# WHAT TO PRODUCE:
Copy out each record that follows exactly, and omit any picture you find.

[Excerpts from a dataset]

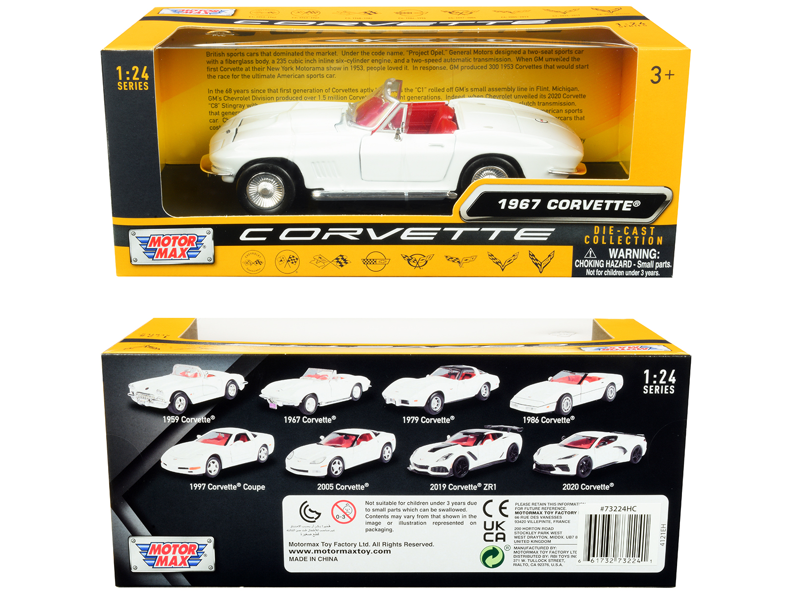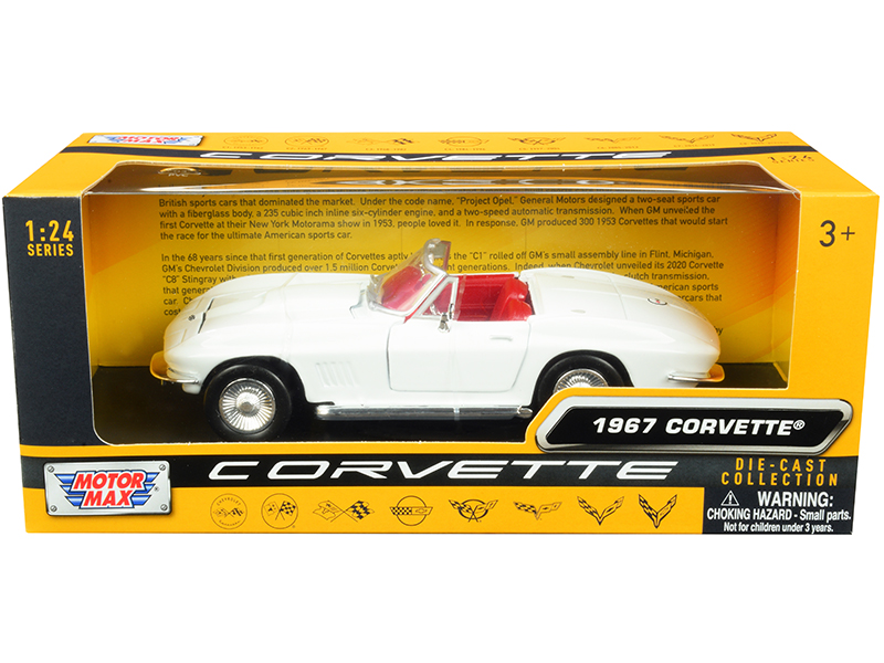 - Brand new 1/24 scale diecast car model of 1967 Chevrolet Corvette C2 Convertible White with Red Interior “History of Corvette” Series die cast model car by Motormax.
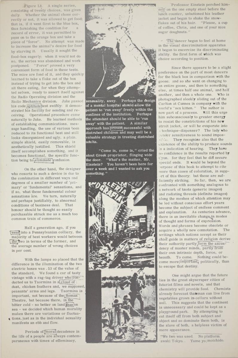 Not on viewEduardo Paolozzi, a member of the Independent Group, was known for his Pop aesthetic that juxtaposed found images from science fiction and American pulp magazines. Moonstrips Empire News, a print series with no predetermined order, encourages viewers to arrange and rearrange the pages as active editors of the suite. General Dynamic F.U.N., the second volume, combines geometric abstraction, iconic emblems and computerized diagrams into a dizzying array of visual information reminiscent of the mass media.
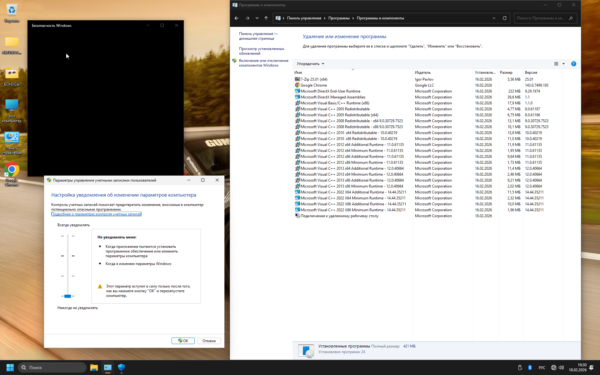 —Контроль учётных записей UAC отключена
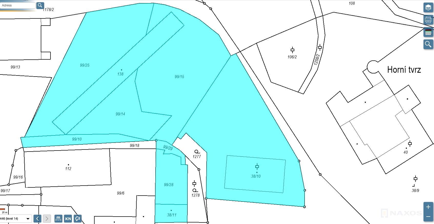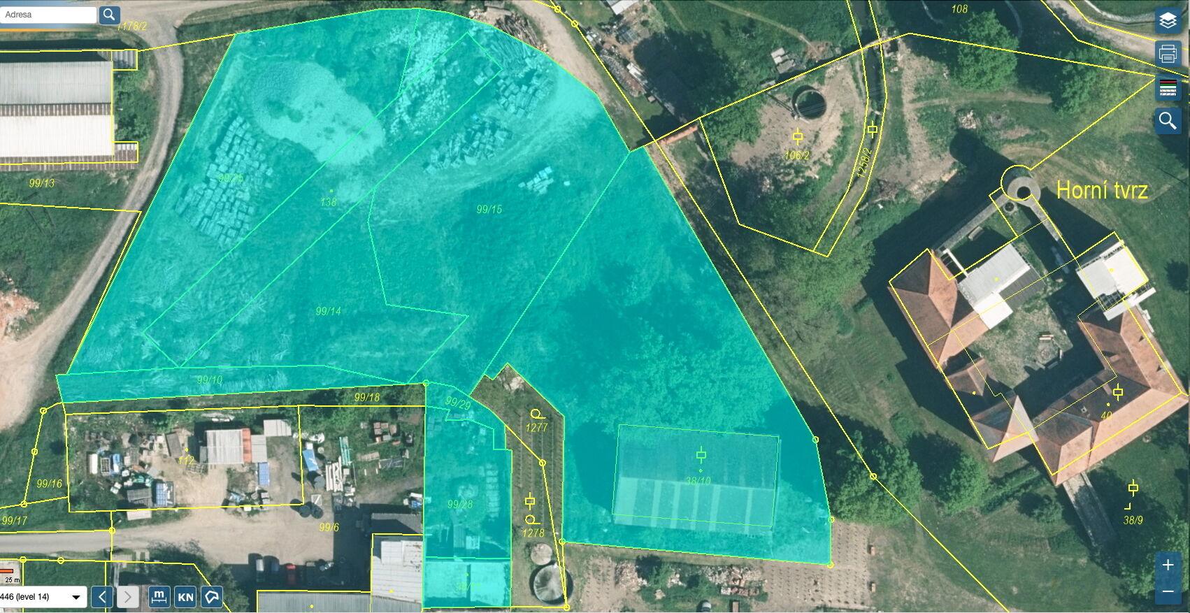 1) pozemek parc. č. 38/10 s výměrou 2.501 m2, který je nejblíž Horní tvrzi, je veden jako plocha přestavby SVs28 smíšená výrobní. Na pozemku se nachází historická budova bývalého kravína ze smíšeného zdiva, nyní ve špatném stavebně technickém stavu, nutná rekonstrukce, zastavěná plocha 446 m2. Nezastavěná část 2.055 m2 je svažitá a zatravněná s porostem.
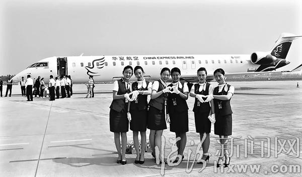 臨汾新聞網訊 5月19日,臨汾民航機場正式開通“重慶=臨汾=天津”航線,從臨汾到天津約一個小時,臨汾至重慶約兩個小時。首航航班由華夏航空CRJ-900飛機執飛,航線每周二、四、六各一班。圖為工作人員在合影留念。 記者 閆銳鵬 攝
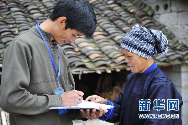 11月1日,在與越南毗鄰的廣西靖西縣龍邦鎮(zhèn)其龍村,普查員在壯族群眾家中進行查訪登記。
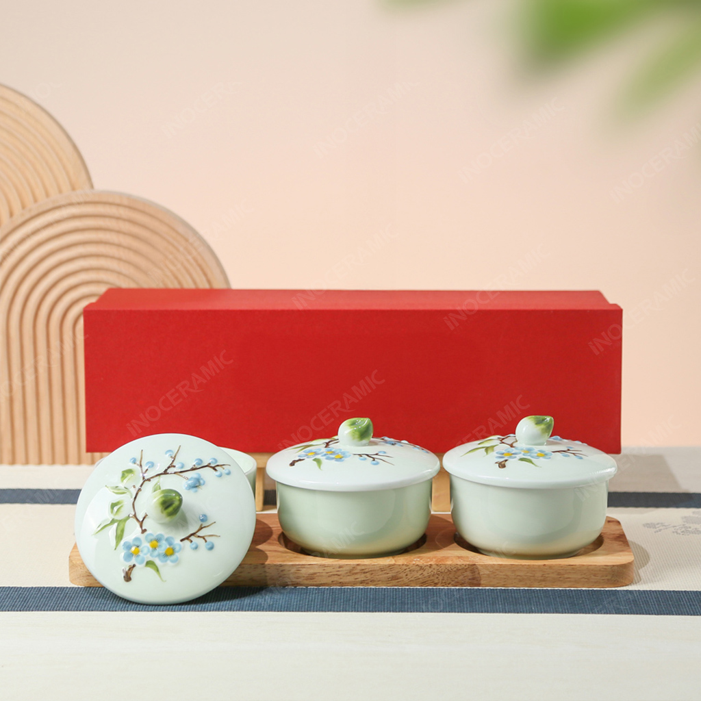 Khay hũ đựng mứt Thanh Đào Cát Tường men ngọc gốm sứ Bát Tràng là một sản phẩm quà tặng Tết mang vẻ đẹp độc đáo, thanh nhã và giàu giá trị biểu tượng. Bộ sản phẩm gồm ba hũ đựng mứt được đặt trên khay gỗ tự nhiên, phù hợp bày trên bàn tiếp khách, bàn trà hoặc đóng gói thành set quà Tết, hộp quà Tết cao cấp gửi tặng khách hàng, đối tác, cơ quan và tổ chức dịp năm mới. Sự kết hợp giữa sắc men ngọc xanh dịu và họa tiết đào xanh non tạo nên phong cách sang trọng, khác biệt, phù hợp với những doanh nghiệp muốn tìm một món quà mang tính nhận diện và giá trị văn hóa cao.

# ANSWER:
 - Brand new 1/24 scale diecast car model of 1967 Chevrolet Corvette C2 Convertible White with Red Interior “History of Corvette” Series die cast model car by Motormax.
 Not on viewEduardo Paolozzi, a member of the Independent Group, was known for his Pop aesthetic that juxtaposed found images from science fiction and American pulp magazines. Moonstrips Empire News, a print series with no predetermined order, encourages viewers to arrange and rearrange the pages as active editors of the suite. General Dynamic F.U.N., the second volume, combines geometric abstraction, iconic emblems and computerized diagrams into a dizzying array of visual information reminiscent of the mass media.
 —Контроль учётных записей UAC отключена
 1) pozemek parc. č. 38/10 s výměrou 2.501 m2, který je nejblíž Horní tvrzi, je veden jako plocha přestavby SVs28 smíšená výrobní. Na pozemku se nachází historická budova bývalého kravína ze smíšeného zdiva, nyní ve špatném stavebně technickém stavu, nutná rekonstrukce, zastavěná plocha 446 m2. Nezastavěná část 2.055 m2 je svažitá a zatravněná s porostem.
 臨汾新聞網訊 5月19日,臨汾民航機場正式開通“重慶=臨汾=天津”航線,從臨汾到天津約一個小時,臨汾至重慶約兩個小時。首航航班由華夏航空CRJ-900飛機執飛,航線每周二、四、六各一班。圖為工作人員在合影留念。 記者 閆銳鵬 攝
 11月1日,在與越南毗鄰的廣西靖西縣龍邦鎮(zhèn)其龍村,普查員在壯族群眾家中進行查訪登記。
 Khay hũ đựng mứt Thanh Đào Cát Tường men ngọc gốm sứ Bát Tràng là một sản phẩm quà tặng Tết mang vẻ đẹp độc đáo, thanh nhã và giàu giá trị biểu tượng. Bộ sản phẩm gồm ba hũ đựng mứt được đặt trên khay gỗ tự nhiên, phù hợp bày trên bàn tiếp khách, bàn trà hoặc đóng gói thành set quà Tết, hộp quà Tết cao cấp gửi tặng khách hàng, đối tác, cơ quan và tổ chức dịp năm mới. Sự kết hợp giữa sắc men ngọc xanh dịu và họa tiết đào xanh non tạo nên phong cách sang trọng, khác biệt, phù hợp với những doanh nghiệp muốn tìm một món quà mang tính nhận diện và giá trị văn hóa cao.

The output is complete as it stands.